- Born: Jonathan David Schiller September 25, 1946 (age 79)
- Education: Columbia University (BA, JD)
- Occupation: lawyer
- Known for: co-founding Boies Schiller Flexner LLP
- Spouses: Margaret Irwin Miller; Marla Prather;
- Children: 3
- Parents: Irving Schiller (father); Patricia Schiller (mother);
- Relatives: J. Irwin Miller (father-in-law)

= Jonathan D. Schiller =

American lawyer

Jonathan David Schiller (born September 25, 1946) is an American lawyer who is a co-founder and managing partner of the law firm Boies Schiller Flexner LLP. He also chaired the board of trustees of Columbia University from 2013 to 2018.

== Biography ==
Schiller was born to Irving and Patricia Schiller, both of whom were lawyers who moved to Washington, D.C., during the New Deal. His father worked for the U.S. Securities and Exchange Commission and his mother worked at the U.S. Office of Price Administration, as well as the National Labor Relations Board, before joining the faculty at Howard University College of Medicine and becoming a nationally recognized sex and marriage therapist.

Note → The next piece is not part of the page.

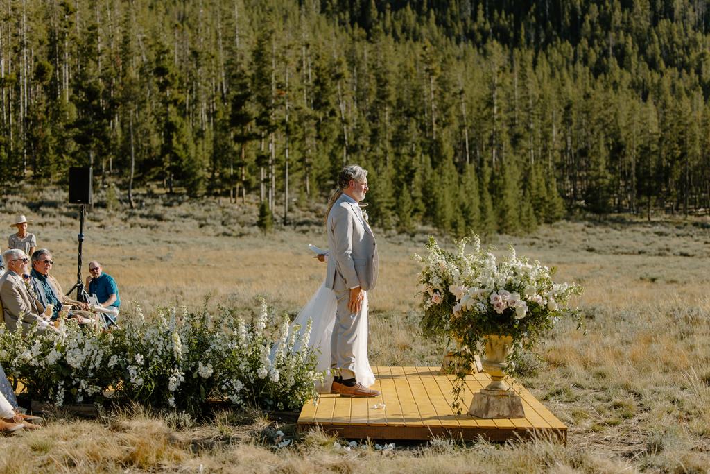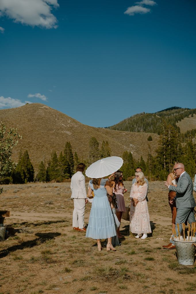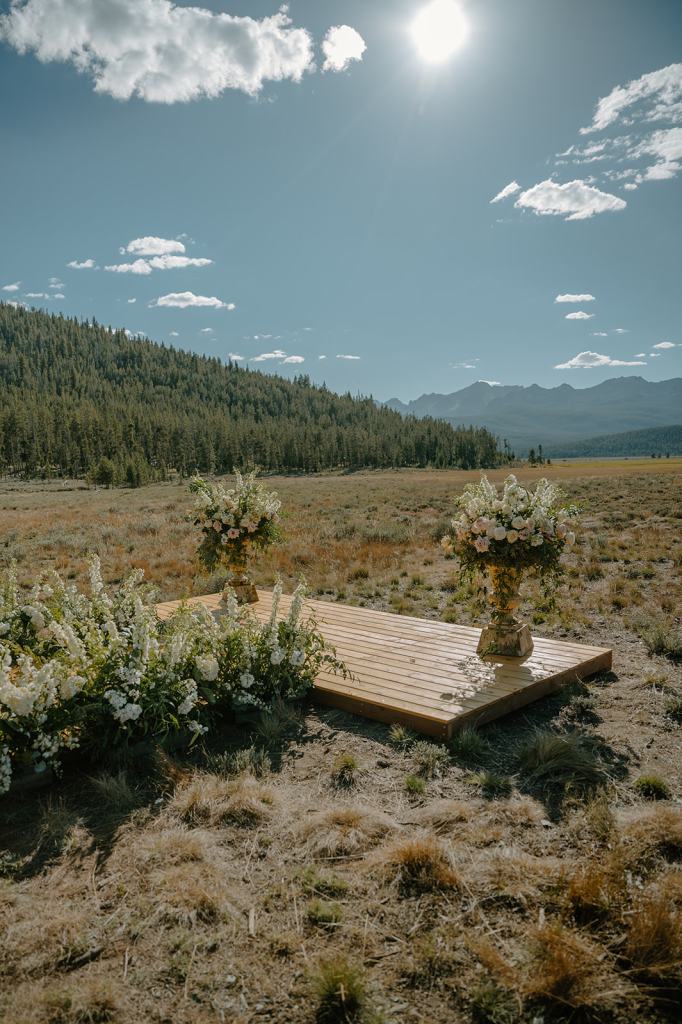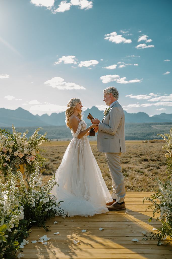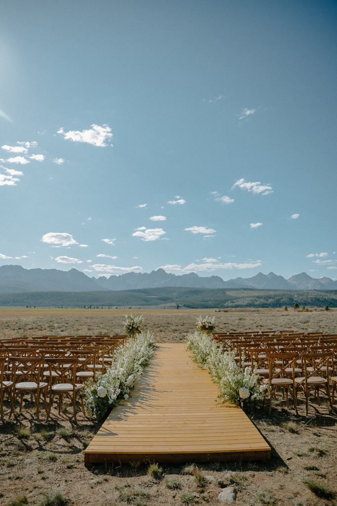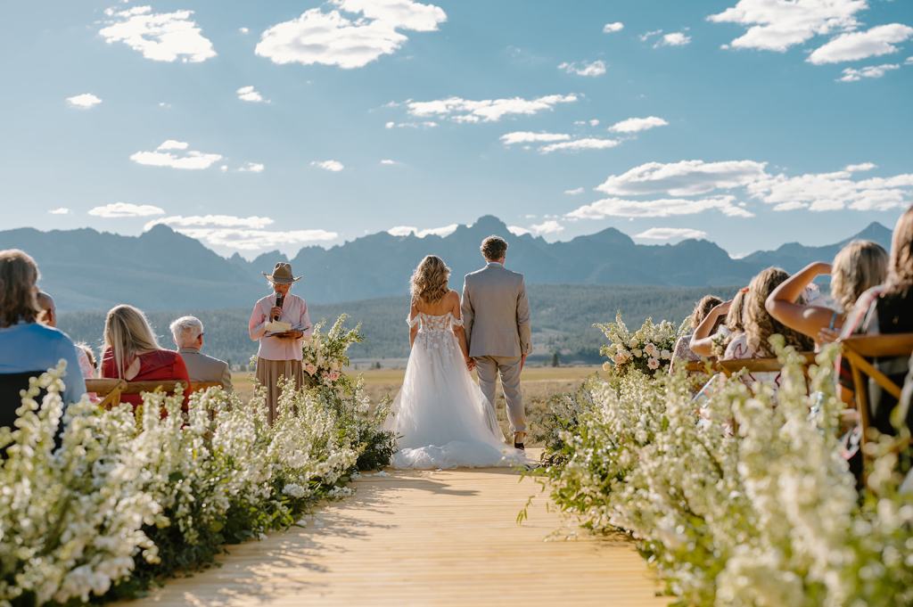 In my career, I don’t think I’ve ever seen a more stunning ceremony. Located at a secret location on the Idaho Rocky Mountain Ranch, we were transported to a magical oasis in the Sawtooths for Traci and Pilgrim’s wedding ceremony. Every guest was shuttled in blue buses to the magical location. When guests arrived, they were greeted with champagne and a white parasol.

Schiller graduated from Landon School in Bethesda, Maryland in 1965. He is a 1969 graduate of Columbia University, where he was a star basketball player and a member of the 1967-68 Ivy League men's basketball championship team with future NBA players Jim McMillian and Dave Newmark. The team ranked fifth in the country. After college, he briefly taught at Georgetown Day School in Washington, D.C., before going on to earn his J.D. from Columbia Law School in 1973.

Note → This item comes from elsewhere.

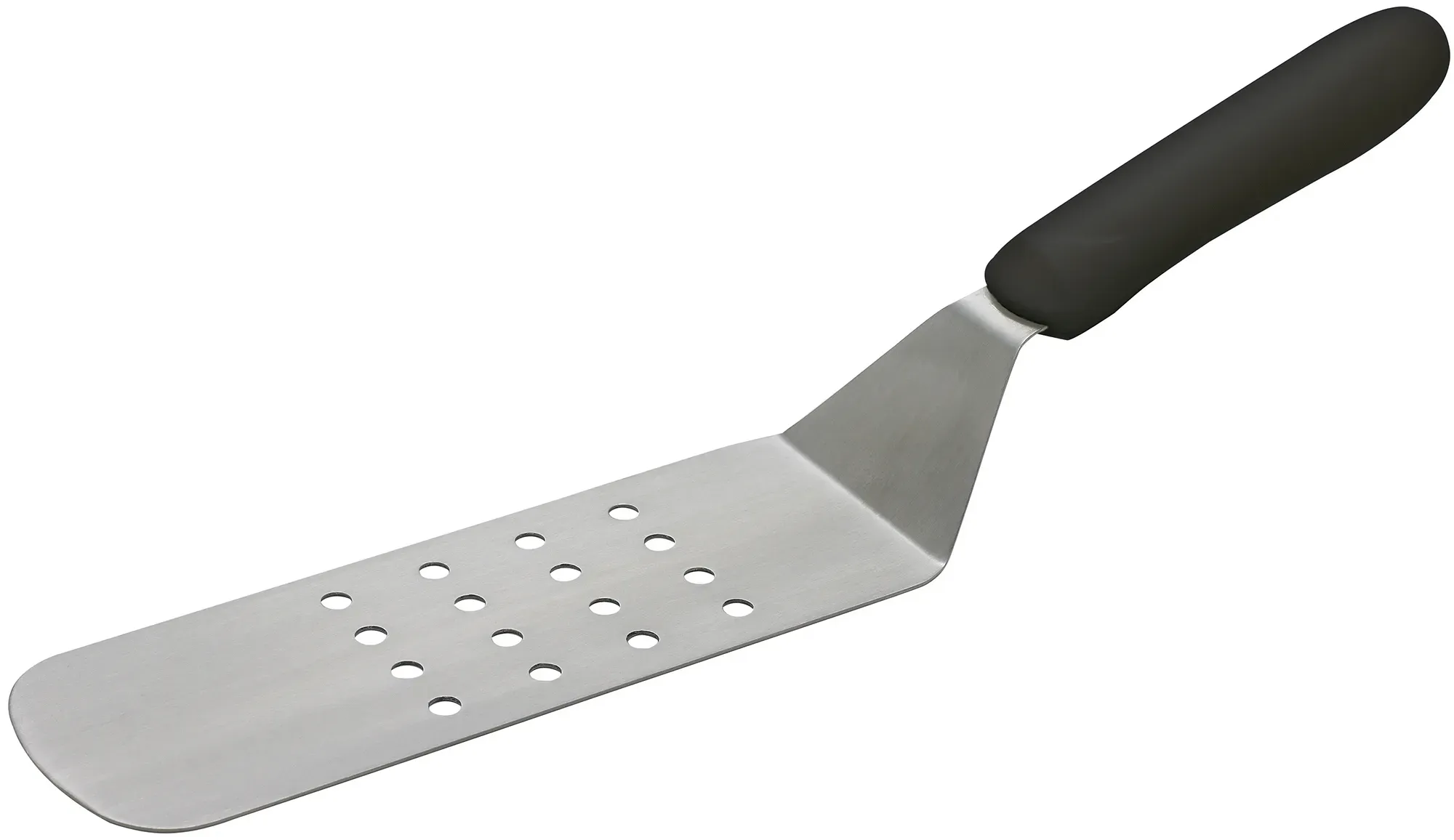 Designed for durability and easy to use with the demands of a bustling restaurant kitchen, the Winco Offset Turner is an essential tool for any culinary professional. Featuring an 8-1/4 x 2-7/8 inch stainless steel perforated blade, this turner is perfect for flipping, turning, and serving a variety of foods with ease. The perforated design allows for efficient draining of excess oils and liquids, ensuring your dishes are presented perfectly every time.

After graduating from Columbia, Schiller joined Arnold & Porter as an associate before moving to Rogovin, Stern & Huge, spending 17 year in the firm that was renamed Rogovin, Huge, and Schiller. In 1986, his client, Westinghouse Electric Company, decided to assign a civil corruption case alleging bribery of Ferdinand Marcos, former president of the Philippines, to David Boies at Cravath, Swaine & Moore instead of Schiller's litigation boutique. Previously, Schiller had successfully defended Westinghouse on two occasions, so he was invited by Boies to team up on behalf of the company. The two formed a close friendship, and in 1997, founded the law firm Boies Schiller Flexner LLP.

In 2009, he was named a trustee of Columbia University, and in 2013, co-chair of the trustees, serving alongside William Campbell. He was made sole chair of the board from 2015 to 2018.

== Awards and honors ==
Schiller received the John Jay Award in 2006 from Columbia College and the Alexander Hamilton Medal in 2012.

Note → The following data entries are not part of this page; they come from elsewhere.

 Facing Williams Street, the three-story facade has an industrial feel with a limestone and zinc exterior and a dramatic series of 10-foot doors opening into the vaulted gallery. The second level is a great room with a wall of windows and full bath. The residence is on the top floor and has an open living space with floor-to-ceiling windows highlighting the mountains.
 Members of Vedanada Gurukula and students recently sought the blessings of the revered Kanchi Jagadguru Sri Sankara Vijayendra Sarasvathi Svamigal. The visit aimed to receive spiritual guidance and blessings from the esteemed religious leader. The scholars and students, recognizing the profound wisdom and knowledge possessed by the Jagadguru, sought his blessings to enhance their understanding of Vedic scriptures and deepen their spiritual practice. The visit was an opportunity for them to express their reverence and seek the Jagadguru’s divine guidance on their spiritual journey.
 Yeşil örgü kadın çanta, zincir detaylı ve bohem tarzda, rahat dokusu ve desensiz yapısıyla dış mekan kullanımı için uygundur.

In 2017, Schiller was named to the inaugural class of "Legends of Ivy Basketball" for achievements and contributions to the Ivy League's basketball program. In 2020, Columbia dedicated the basketball court in Levien Gymnasium in his honor.

== Personal life and family ==
Schiller's first wife was Margaret Irwin Miller, daughter of J. Irwin Miller and granddaughter of Hugh Thomas Miller. They had three sons, Zachary Sweeney 'Zack' Schiller, Joshua Irwin 'Josh' Schiller, and Aaron Irwin Schiller, all of whom are alumni of Columbia University (graduates of either Columbia College or Columbia Law School).

He is currently married to Marla Prather, an art collector and former Whitney Museum curator who is the ex-wife of Mortimer Zuckerman.